> [INSTRUCTIONS TO FOLLOW]
Below this line are records; write out exactly the lines from the one containing "Tính năng này" through the one containing "Ο εγκέφαλος μιας", with the pictures left out.

> [EXERCISE MATERIALS]

'''

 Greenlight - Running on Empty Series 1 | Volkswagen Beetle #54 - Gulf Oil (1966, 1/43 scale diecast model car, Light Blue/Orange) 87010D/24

'''
'''

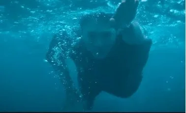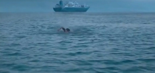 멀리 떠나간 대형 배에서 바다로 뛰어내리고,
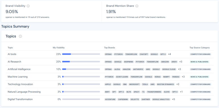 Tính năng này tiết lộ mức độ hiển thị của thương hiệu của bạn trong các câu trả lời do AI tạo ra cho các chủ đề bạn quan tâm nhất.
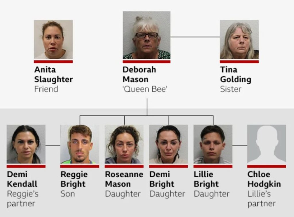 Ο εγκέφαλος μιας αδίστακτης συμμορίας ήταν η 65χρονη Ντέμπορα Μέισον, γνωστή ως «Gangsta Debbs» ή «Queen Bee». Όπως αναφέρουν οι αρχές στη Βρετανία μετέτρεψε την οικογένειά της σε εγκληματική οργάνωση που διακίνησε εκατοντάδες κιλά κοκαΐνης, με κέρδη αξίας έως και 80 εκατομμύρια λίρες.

'''

> [RESULT FOR THIS TASK]
 Tính năng này tiết lộ mức độ hiển thị của thương hiệu của bạn trong các câu trả lời do AI tạo ra cho các chủ đề bạn quan tâm nhất.
 Ο εγκέφαλος μιας αδίστακτης συμμορίας ήταν η 65χρονη Ντέμπορα Μέισον, γνωστή ως «Gangsta Debbs» ή «Queen Bee». Όπως αναφέρουν οι αρχές στη Βρετανία μετέτρεψε την οικογένειά της σε εγκληματική οργάνωση που διακίνησε εκατοντάδες κιλά κοκαΐνης, με κέρδη αξίας έως και 80 εκατομμύρια λίρες.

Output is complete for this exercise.